Imaginar que no meu país, com a devida diferença de números, isto tivesse acontecido nos últimos 12 anos, deixa-me com um sorriso. Talvez por isso, nos últimos anos, era uma vez, tanta gente do meu país foi para esse e outros países iguais aos outros. 
Deveria existir um universo com matemática poética e umbigos de gelo. Aí a estatística cantaria e a demagogia seria tão abjeta como o preconceito.

Diria a história, se ela falasse por voz própria, que as sociedades caminham para a equalização. No meu país há uma linha torta nesta escrita, um passo atrás no que diria a história, se ela falasse por voz própria. No outro país de era uma vez, não sei se alguém escreve certo, mas as estradas dão a quem a percorre o sentido do sentido que daqui a alguns anos se dará ao caminho. O que é certo? Certo é valermos pelo que fazemos e não pela qualidade do colchão em que nascemos; certo é buscarmos a independência e recusarmos os impérios, mesmo quando são os nossos; certo é um homem ou uma mulher poderem recusar ser escravos; certo é culpar a exceção, não a regra; certo é ter em cada homem um irmão, que defendemos independentemente da sua posição de classe, de credo, de ideologia ou da quantidade de erros que tenha cometido; certo é não julgarmos o universo pelo tamanho do nosso umbigo. Deveria existir uma Declaração Universal da Ética Humana, que dispensasse de uma vez o conceito de tolerância; que sublimasse a arrogância do certo e do errado. Mais que uma declaração dos direitos: era uma vez o direito à concentração de arrogância travestida de ações da NASDAC e de dívida privada assumida publicamente com carimbo do Fundo Monetário Internacional, perante os quais todos os outros direitos não existem – esta é a história com que nos deitamos todos os dias.

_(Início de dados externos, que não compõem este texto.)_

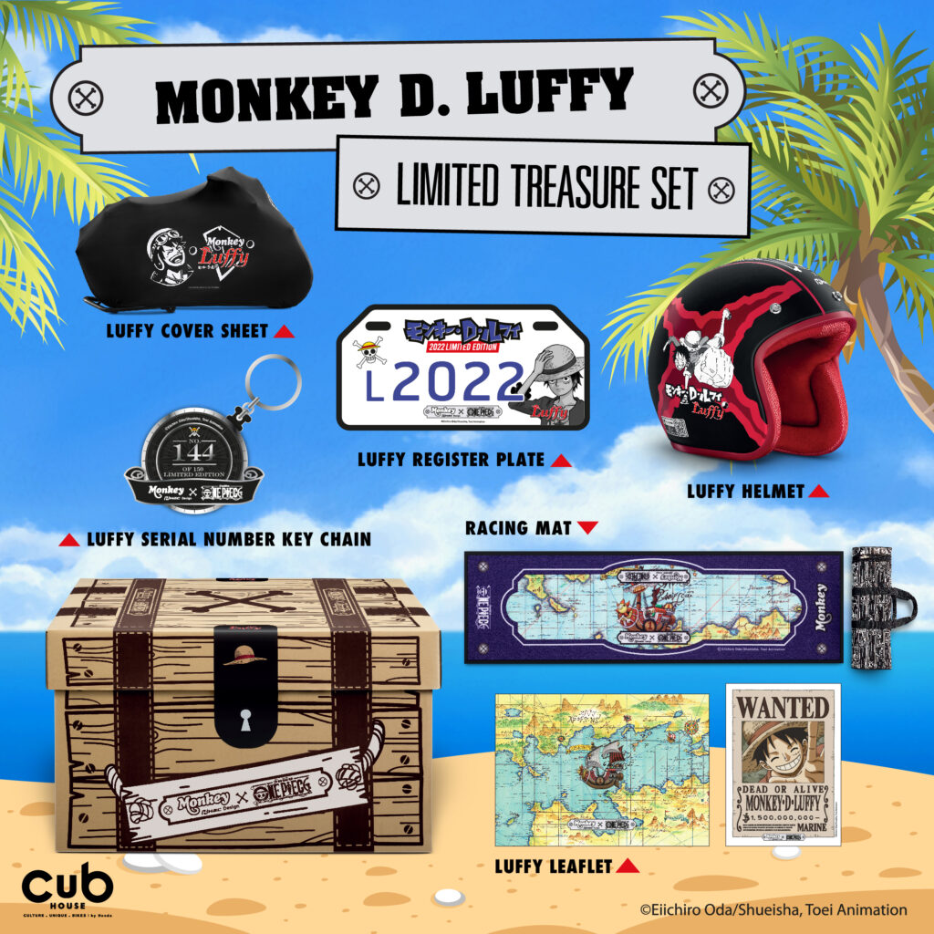 Monkey x One Piece Limited Edition ผลิตจำนวนจำกัดรุ่นละ 150 คัน มาพร้อมชุดเซตที่นักสะสมห้ามพลาด! ประกอบด้วย หมวกกันน็อก, พวงกุญแจเข็มทิศโจรสลัด ระบุลำดับหมายเลข 1-150 ของรถแต่ละรุ่น, แผ่นป้ายะเบียนสไตล์ญี่ปุ่น, พรมลายแผนที่วันพีช, ผ้าคลุมรถที่ดีไซน์เป็น Outline ของเวอร์ชัน Limited Edition และ Leaflet คาแรคเตอร์ของตัวรถ โดยทั้งหมดนี้จะถูกใส่ในอยู่ในหีบสมบัติพรีเมียมบ็อกเซต Limited Treasure Set วางจำหน่ายด้วยราคาแนะนำ 129,900 บาทต่อเซต ที่ร้าน CUB House ทุกสาขา เริ่มตั้งแต่วันที่ 23 กุมภาพันธ์ 2022 เป็นต้นไป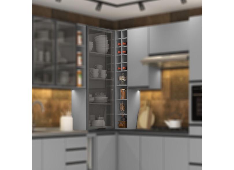 Armário Aéreo Canto 1 Porta Vidro 6 Prateleiras Adega Cozinha Modulada Belize 100% MDF Cinza Claro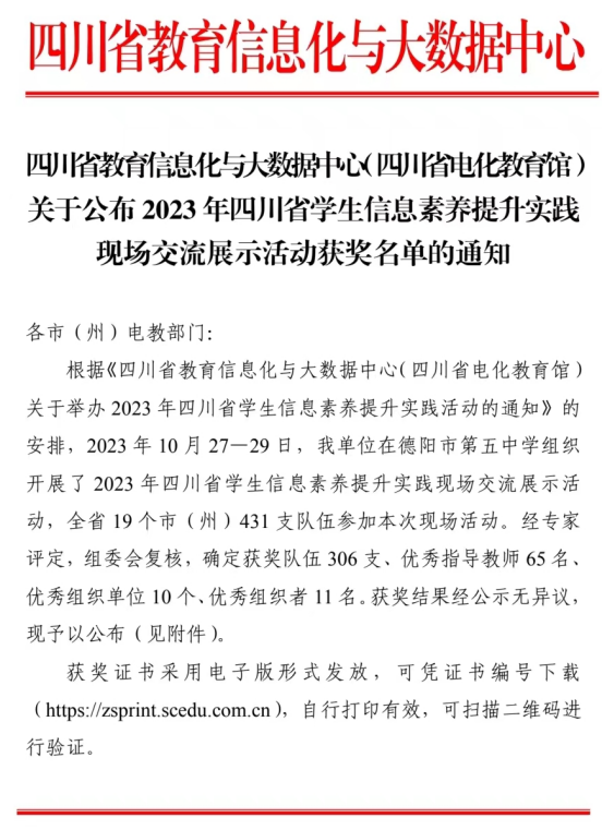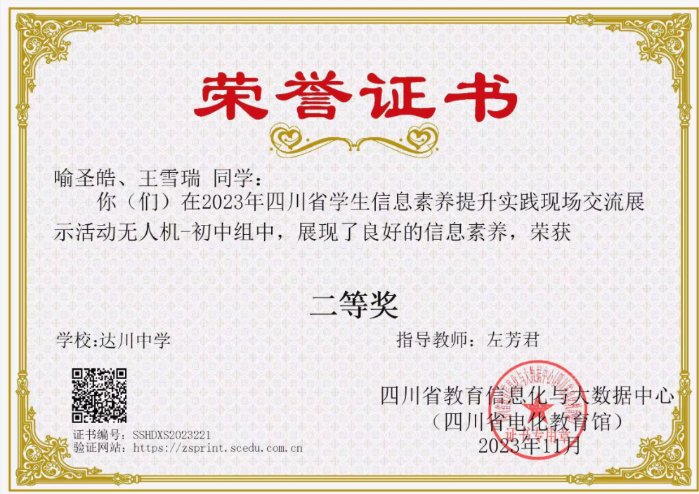 近日,四川省教育信息化与大数据中心公布了2023年四川省信息素养提升实践现场交流展示活动获奖名单,达川中学共有4名学生在展示活动“无人机-初中组”获奖。喻圣皓、王雪瑞同学两位同学获得二等奖,袁雅涵、刘传峰同学获得三等奖。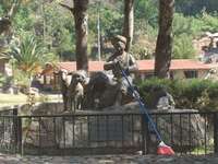 Una escultura en bronce del niño Benito, que evoca su época de pastor, se encuentra junto a la laguna encantada, en la que, cuenta la tradición popular, por las noches se escucha el sonido de un caracol, proveniente de una gran roca que nunca ha podido ser dinamitada y que es la entrada al lugar donde mora "el dueño" de ese estanque, "quizá un chaneque".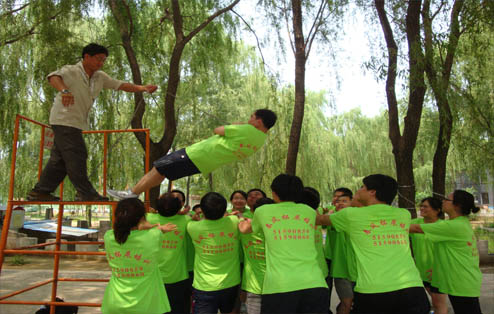 过 程:所有团队成员在不借助任何工具的情况下,激发团队巨大力量,全 体逃生到四米的高墙上。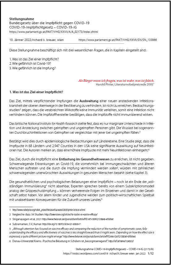 Meine fundierte und stets aktualisierte Stellungnahme zum Impfpflichtgesetz kann auf meiner Seite Covid-19 heruntergeladen werden. Sollte es neue Erkenntnisse geben, werde ich mir erlauben, die Analyse zu ergänzen. Eine Anfrage an die Abgeordneten zum Nationalrat vom Februar 2022 bezüglich Impfrisiko ist genauso abrufbar wie eine Durchsicht der Datenlage samt einer Auswahl der interessantesten Daten und Fakten.
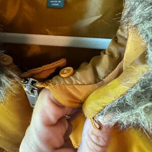 Wild Fable bomber-style gold puffer coat jacket with faux fur removable neck cover. Has two front button pockets and gold zipper detailing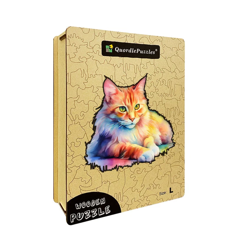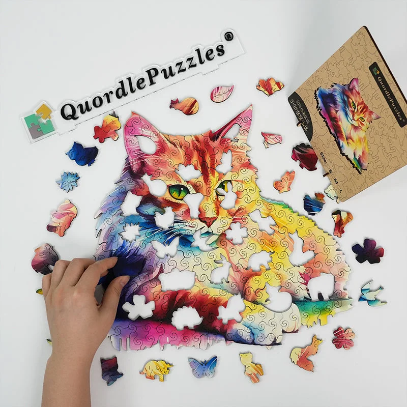 🔥 Ostatni dzień 92% - drewniana układanka z kotem akwarelowym

Nestas coisas do deve e do haver, todos errámos. Um país como os outros, partidos como os outros, pessoas como as outras. Todos erramos. Nem se coloca a questão de quem errou mais ou menos – errar é errar. Era uma vez um país e uma eleição. Discutem-se projetos, discute-se um futuro. Diria a história, se ela falasse por voz própria, que as sociedades caminham para a equalização, mas é raro o caminho fazer-se a direito – o que não é a mesma coisa que retroceder.

Era uma vez um país como os outros, que não voltou atrás. É com esta história que quero adormecer dia 26.